Task item:
Please give back the listing below word for word and drop any images.

(Beginning of Input for this task)

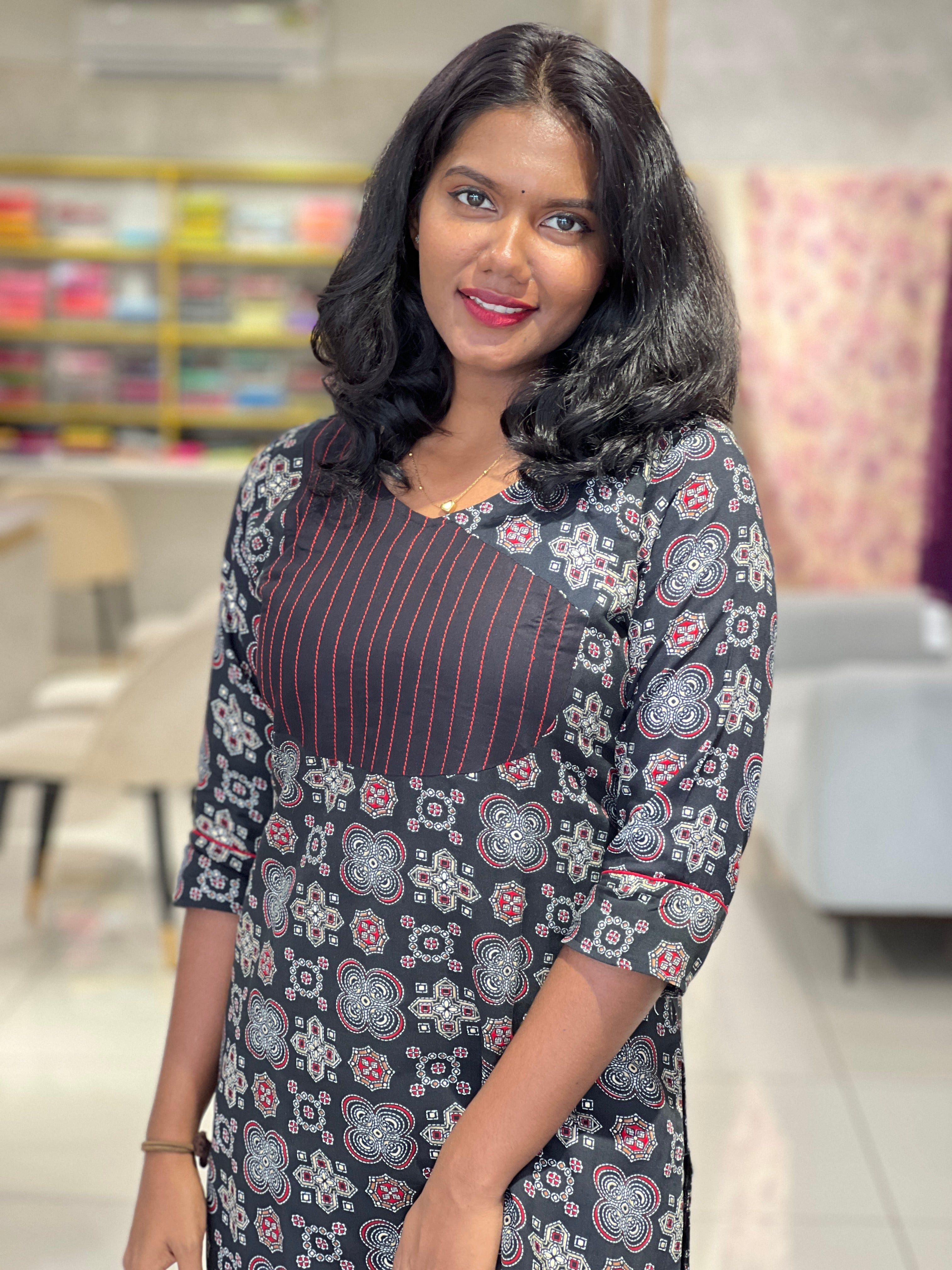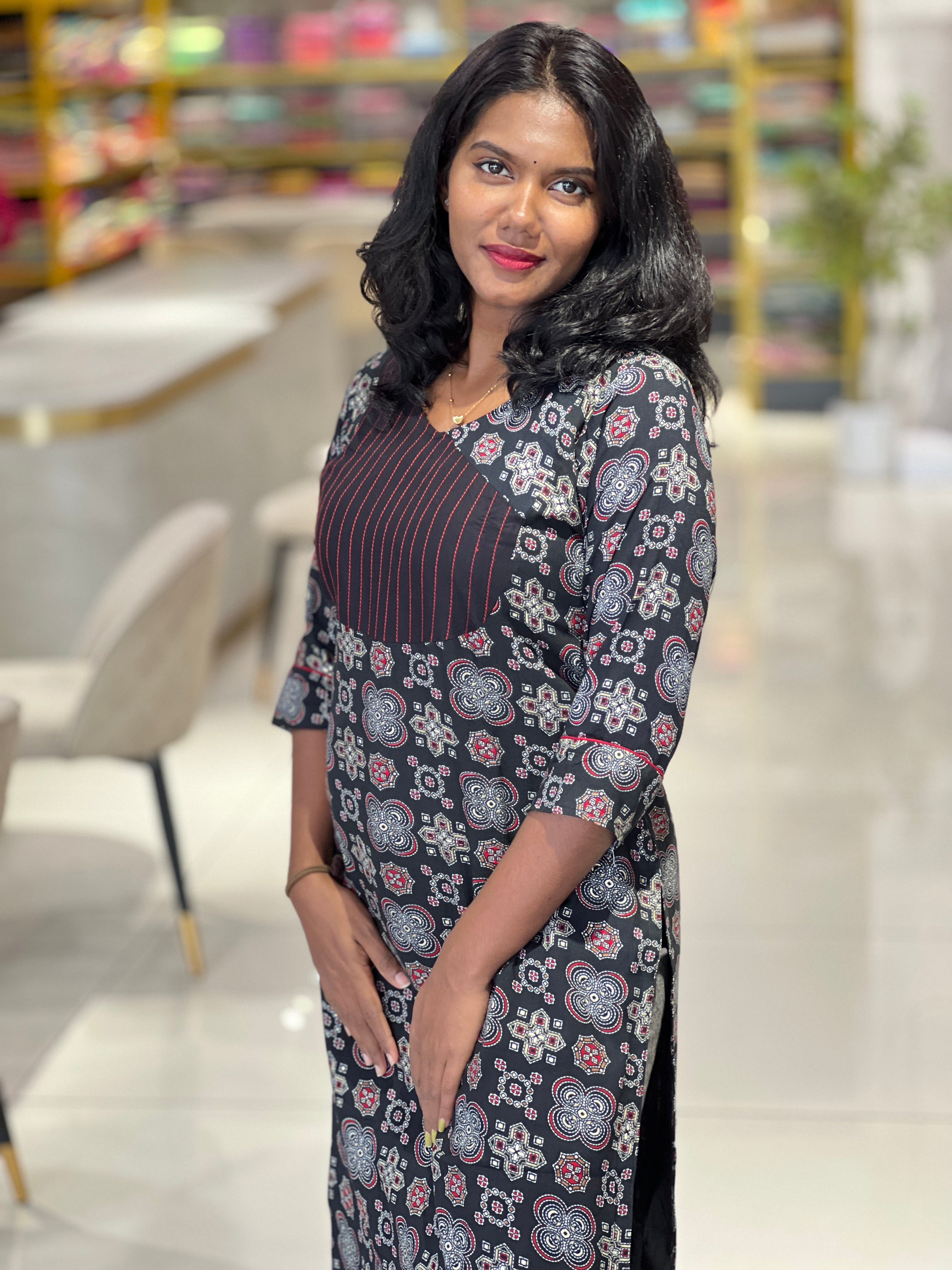 - Style: Digital Print With Foil Paint Highlight, Machine Embroidery Detailed Yoke Portion, With Lining, Side Slit Pattern
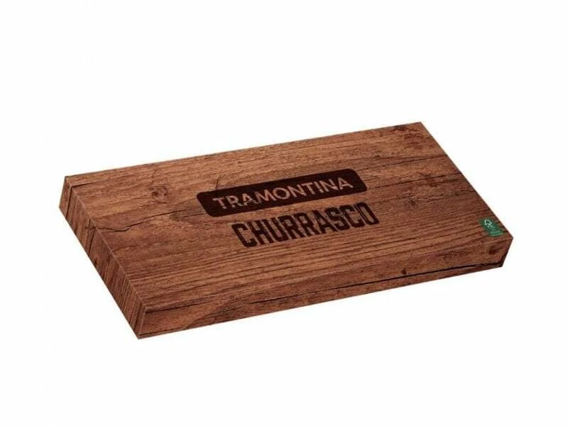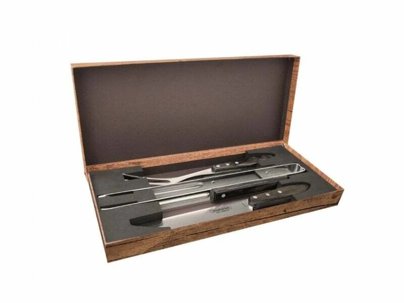 3-teiliges Servierset Tramontina 29899/265 Churrasco for BBQ in braun zum Servieren von Grillspezialitäten. Beinhaltet Messer, Gabel und Zange.
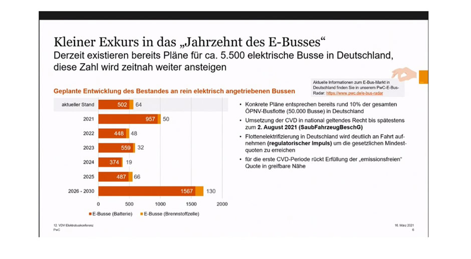 So kommt die von Pricewaterhouse Coopers (PWC) unter Mitarbeit von Intraplan Consult verfasste Studie unter anderem zu dem Schluss, dass 2030 etwa 1,8 Milliarden Euro zusätzlich in den Ausbau eines umweltfreundlichen und leistungsstarken Busverkehrs investiert werden müssen.
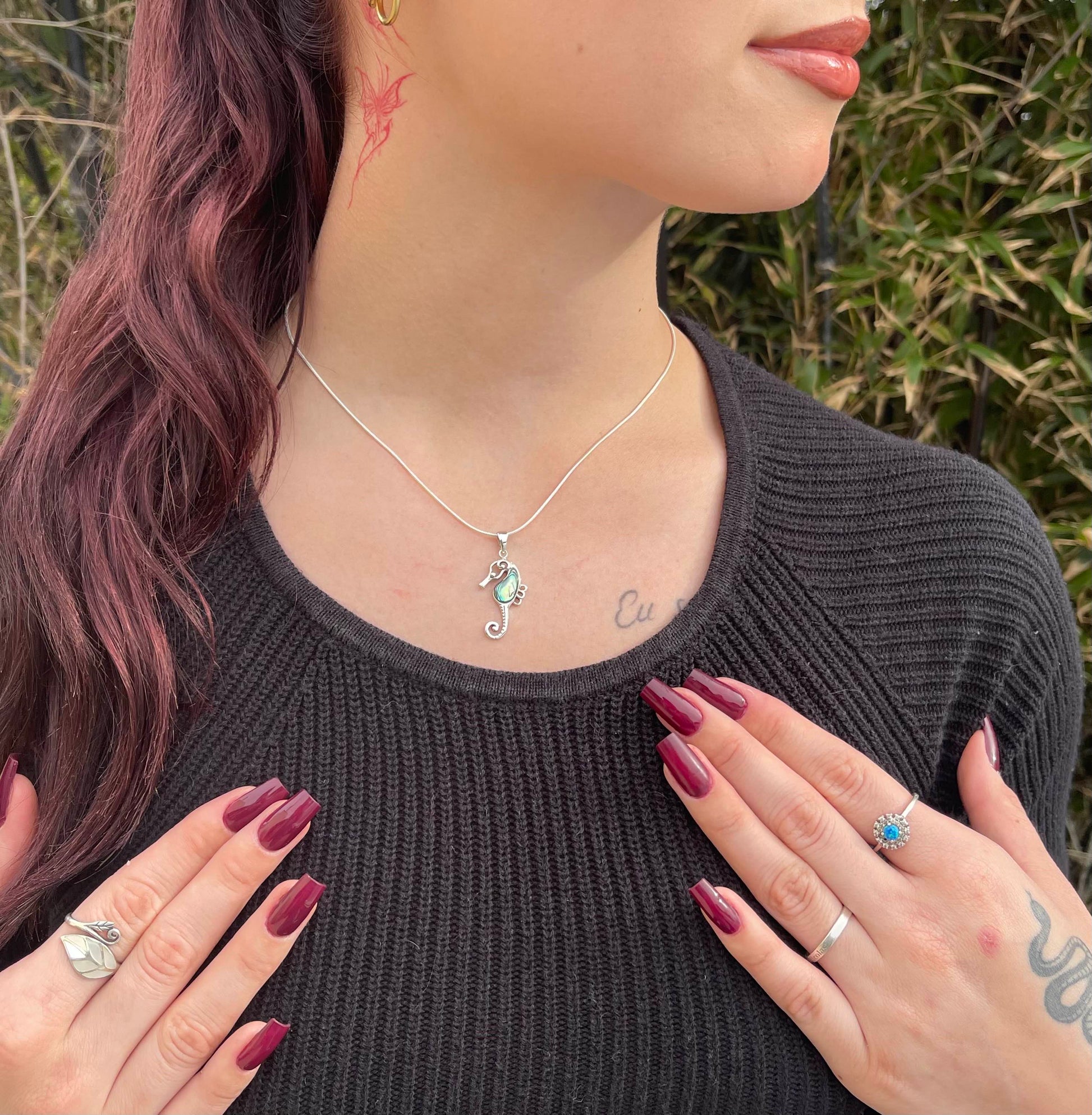 Ce pendentif en argent 925 en forme d’hippocampe incarne toute la beauté et la magie du monde marin. Son centre est sublimé par un coquillage naturel Abalone aux reflets chatoyants, offrant une palette de couleurs uniques qui captent la lumière avec éclat. Symbole de force et de protection, ce bijou raffiné est idéal pour les amoureux de l’océan et de la nature.
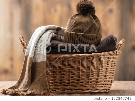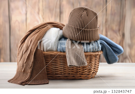 Yarn and needles in wicker basket, cozy accent for hobby and relaxation. Wicker basket near grey sofa in living room
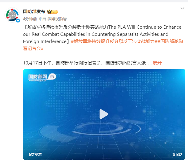 10月17日下午,國防部舉行例行記者會,國防部新聞發言人張曉剛大校就近期涉軍問題發佈消息。
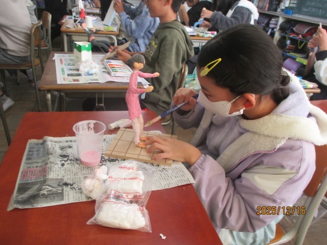 いよいよ、人形の体に服を着せる様子が増えてきました。
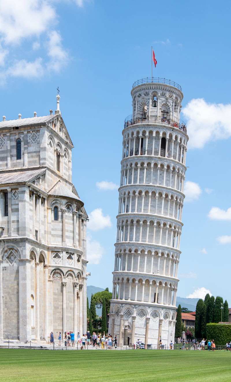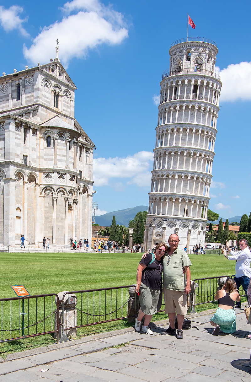 ABOVE: After checking our bags at Pisa Centrale we walked to the Leaning Tower, a fairly long, roundabout walk in extreme heat. Yep, the tower definitely has a lean to it! What I didn't realise is if you forget about the lean it is a beautiful structure. I believe that the soil engineer that analysed the soil never found employment again and I would have loved to have heard the arguments between the church and the builders when the tower began leaning as soon as it was finished.

(End of Input for this task)

Finished exercise:
 - Style: Digital Print With Foil Paint Highlight, Machine Embroidery Detailed Yoke Portion, With Lining, Side Slit Pattern
 3-teiliges Servierset Tramontina 29899/265 Churrasco for BBQ in braun zum Servieren von Grillspezialitäten. Beinhaltet Messer, Gabel und Zange.
 So kommt die von Pricewaterhouse Coopers (PWC) unter Mitarbeit von Intraplan Consult verfasste Studie unter anderem zu dem Schluss, dass 2030 etwa 1,8 Milliarden Euro zusätzlich in den Ausbau eines umweltfreundlichen und leistungsstarken Busverkehrs investiert werden müssen.
 Ce pendentif en argent 925 en forme d’hippocampe incarne toute la beauté et la magie du monde marin. Son centre est sublimé par un coquillage naturel Abalone aux reflets chatoyants, offrant une palette de couleurs uniques qui captent la lumière avec éclat. Symbole de force et de protection, ce bijou raffiné est idéal pour les amoureux de l’océan et de la nature.
 Yarn and needles in wicker basket, cozy accent for hobby and relaxation. Wicker basket near grey sofa in living room
 10月17日下午,國防部舉行例行記者會,國防部新聞發言人張曉剛大校就近期涉軍問題發佈消息。
 いよいよ、人形の体に服を着せる様子が増えてきました。
 ABOVE: After checking our bags at Pisa Centrale we walked to the Leaning Tower, a fairly long, roundabout walk in extreme heat. Yep, the tower definitely has a lean to it! What I didn't realise is if you forget about the lean it is a beautiful structure. I believe that the soil engineer that analysed the soil never found employment again and I would have loved to have heard the arguments between the church and the builders when the tower began leaning as soon as it was finished.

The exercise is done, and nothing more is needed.